Of course, your own python scripts will need to point at /usr/bin/python2. However, by doing this you may run into portability issues across distros. There does not appear to be an easy solution for that at the moment. It seems that while most (all?) distributions include a /usr/bin/python3 link to their python3.x binary, none do the same thing for python2.x. Either create your own symlink in your path for those distros or even better file a bug with them asking for such a symlink. They are going to need one in the future…
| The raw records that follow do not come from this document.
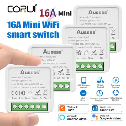 Tuya Wifi Smart Switch Mini Timer Wireless Switches Smart Home Remote Vioce Group Control Smart Life Google Home Alexa
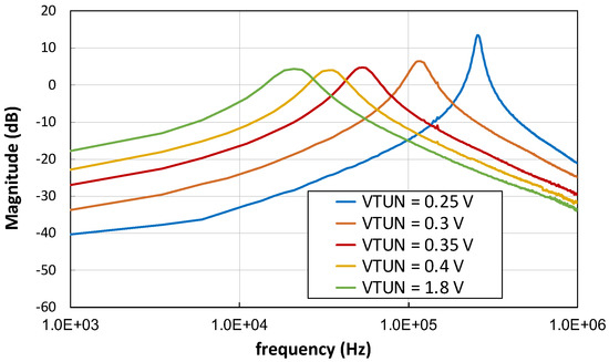 The frequency response of the magnitude of the -C BPF is illustrated in Figure 10, measured for different values of the tuning variable . The center frequency varied from 258 kHz down to 22.4 kHz as the tuning variable, , was increased from 0.25 V to 1.8 V. The overdamping observed in the plot corresponding to = 0.25 V was due to the proximity of the center frequency of the filter to the secondary poles of the transconductors and was boosted by the effect of the value of Q selected. As the level of was made higher, the filter center frequency was separated from the secondary poles and the overdamping was reduced.
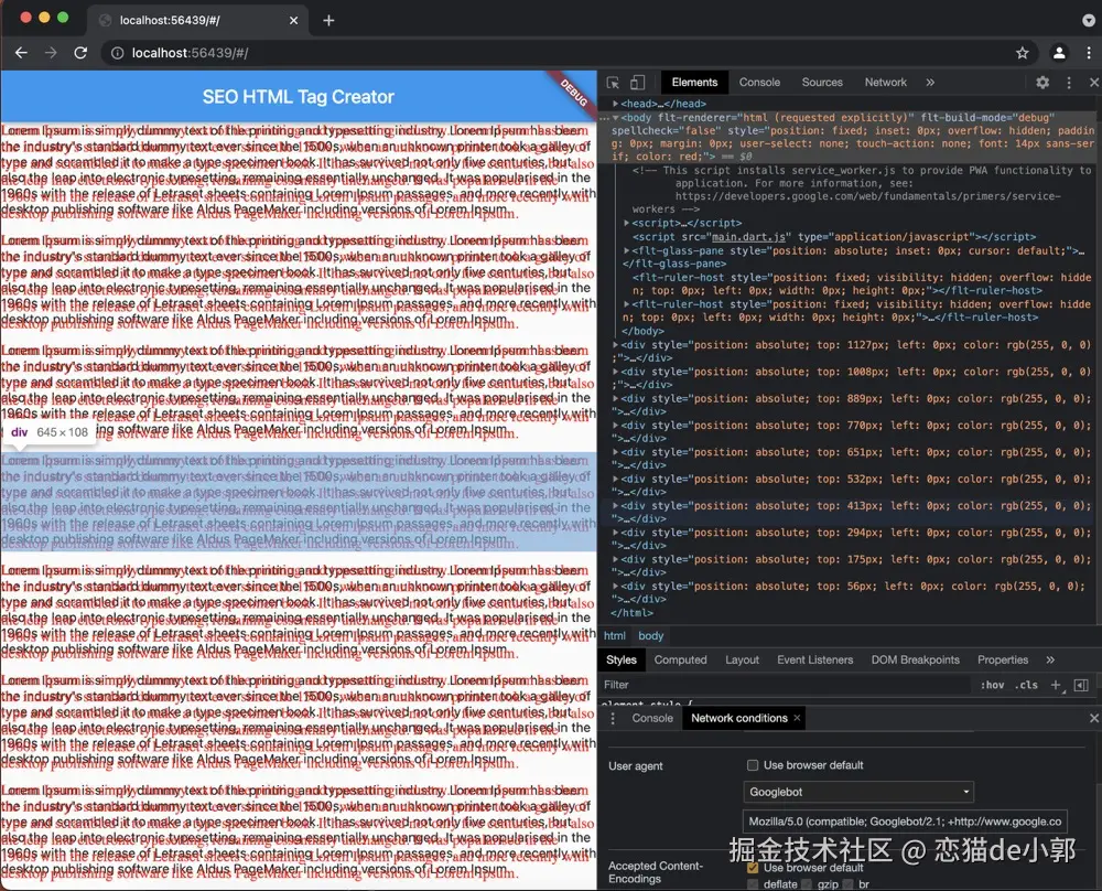 例如 seo_renderer ,其实根据 Google 的说法,只要内容相似(完整来源),就不被视为 SEO 伪装,理论上,seo_renderer 这种使用 regex 和 navigator userAgent 自动检测爬虫,并对应添加 HtmlElement 添加到 DOM 的行为,也算是一种规避的方式:
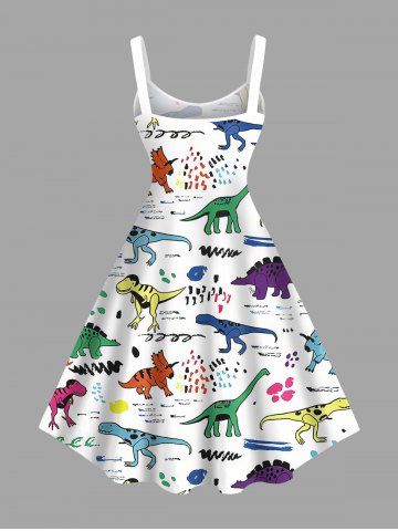 Plus Size Colorful Dinosaur Print Hawaii Tank Dress - White - 2x
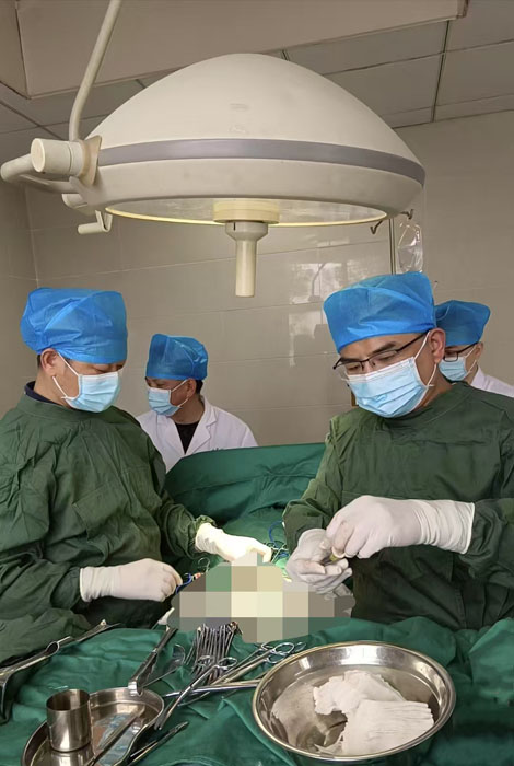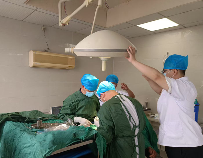 曾都医院高度重视,院党委委员、疝疾病诊疗中心、肝胆脾胰甲乳外科聂明主任,麻醉科胡林主任迅速响应,立即组建由医学硕士、疝疾病诊疗中心、肝胆脾胰甲乳外科副主任胡竞峥及麻醉科陈龙医师组成的专家团队,赶赴何店镇中心卫生院。胡竞峥副主任在疝病诊疗领域经验丰富,陈龙医师在高龄患者麻醉管理方面技术精湛。两位专家放弃休息时间,抵达后第一时间开展工作,通过多学科会诊制定个性化手术方案,术中精准操作、严密监护,术后给予专业康复指导,全程与基层医疗团队密切配合,最终成功完成手术,帮助患者摆脱病痛。
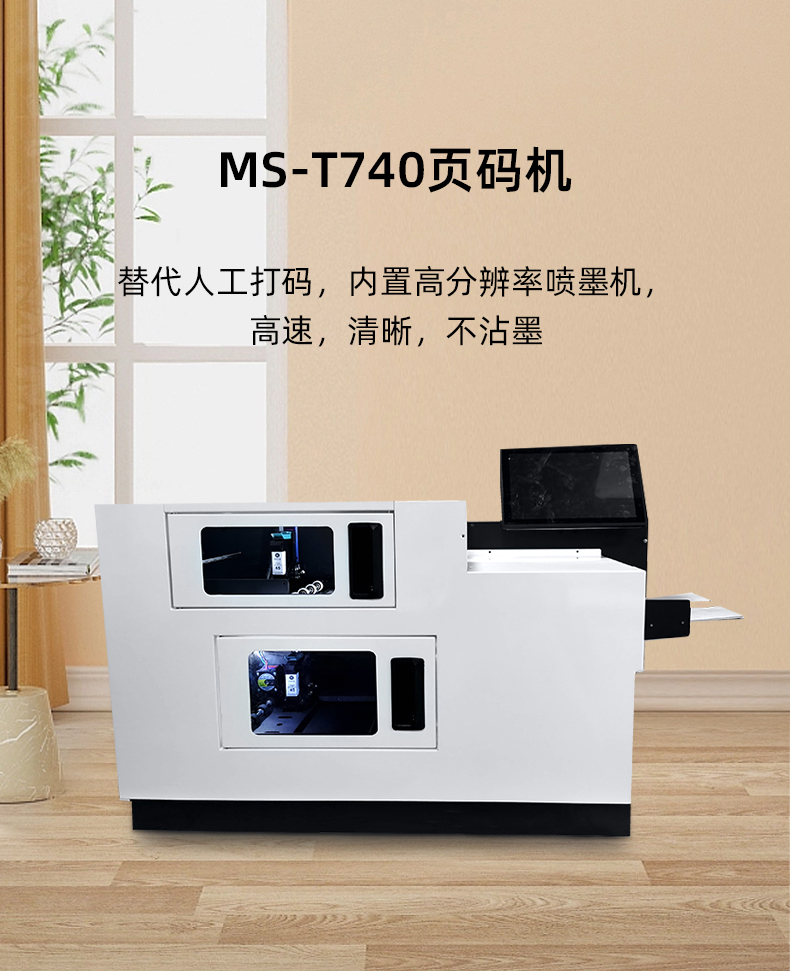 MS-T740頁碼機(jī) 替代人工打碼,內(nèi)置高分辨率噴墨機(jī),高速,清晰,不沾墨 可觸屏的電腦具有高速處理器,DDR3L 8GB內(nèi)存、SSD128G硬盤、電容式高亮觸摸屏、預(yù)留網(wǎng)口、USB、COM口等 光盤存儲刻錄專業(yè)處理軟件 處理過的文件通過內(nèi)置軟件可輕松制成光盤或存儲至指定位置。 Ai智能識別

If you are using the [testing] and [community-testing] repos go ahead and upgrade to the future of python. If see any of the following in one of our supported packages, report a bug:

  • files linked to libpython2.6.so.1.0
  • files with a “#!/usr/bin/python” or “#!/usr/bin/env python” shebang
  • files in /usr/lib/python2.6 or /usr/include/python-2.6
  • depends/makedepends/optdepends on “python” instead of “python2″
  • packages that no longer work…

So far it looks like the rebuild has gone remarkably smoothly. A big thank you to all the developers and trusted users who helped out with the rebuilds. It also shows the power of our new repo setup on the mirrors. Now moving all those packages between repos just moves some symlinks so syncing to mirrors is very fast. So your favourite mirror should sync very quickly unlike with big rebuilds in the past.

But there is no rest for the wicked… We will be onto rebuilds for db and heimdal next!

13 thoughts on “Big Python Transition In Arch Linux

  1. Thanks, but what is about PyQt. Will PyQt support Python 3 by now, or do i still have to install it from AUR?

    • That depends on the maintainer of pyqt and what they decide to do with the package.

  2. Pingback: Python 3 et Gwibber ? Une vraie galère. | Le Weblog de Frederic Bezies

  3. Hello Allan,

    Thanks for the hard work! In my case, as a were-user of [testing] and a Python developer, I upgraded my box with new py packages. The transition was quite well as you said but most of the installed python applications under /usr/lib/python2.6/site-packages/ have stayed there and therefore weren’t runnable. For instance, when I reinstalled ipython, it was installed under that directory but not py3k’s site-packages folder. Is this because it wasn’t rebuilt? I thought maybe it could be related with setuptools or something?

    • You need to enable the [community-testing] repository to get rebuilds for [community] packages.

  4. > It seems that while most (all?) distributions include a /usr/bin/python3 link to their python3.x binary, none do the same thing for python2.x.

    Not sure what distributions you have checked on, but on a few boxes I have access to ($ cat /etc/issue | head -n1; whereis python2 | trim useless shit):

    Red Hat Enterprise Linux Server release 5.5 (Tikanga)
    python2: /usr/bin/python2.4 /usr/bin/python2

    CentOS release 5.5 (Final)
    python2: /usr/bin/python2.4 /usr/bin/python2 /usr/bin/python2.6

    Debian GNU/Linux 4.0 n l
    python2: /usr/bin/python2.4 /usr/bin/python2.5

    So it looks like just Debian sucks. 🙂

    • You are right. It appears it is just Debian. Ubuntu even has it.

      I was sure I tested a Fedora box I had… turns out that did not have python installed on it at all! So not the best of testing…

  5. > files with a “#!/usr/bin/python” or “#!/usr/bin/env python” shebang

    can you expand? What’s wrong with that (if the package if supposed to work with python 3) ?

    • If it is python3 compatible code, and it only depends on python3 compatible libs, then nothing.
      But most of the time #!/usr/bin/env python3 is used if it is…

  6. I appreciate the courage in doing such a transition, now I have an excuse to produce python3-compatible code 🙂

  7. The move to python3 was 1+ year too early!

    There’s no Python Web Framework which works with Python3, because there’s no WSGI spec. for Python3. No Django, Pylons, Zope or whatever! 🙁

    Sure I can use the python2 package and the switch is flawless, anyway move so early just cause more trouble then move in 1 year.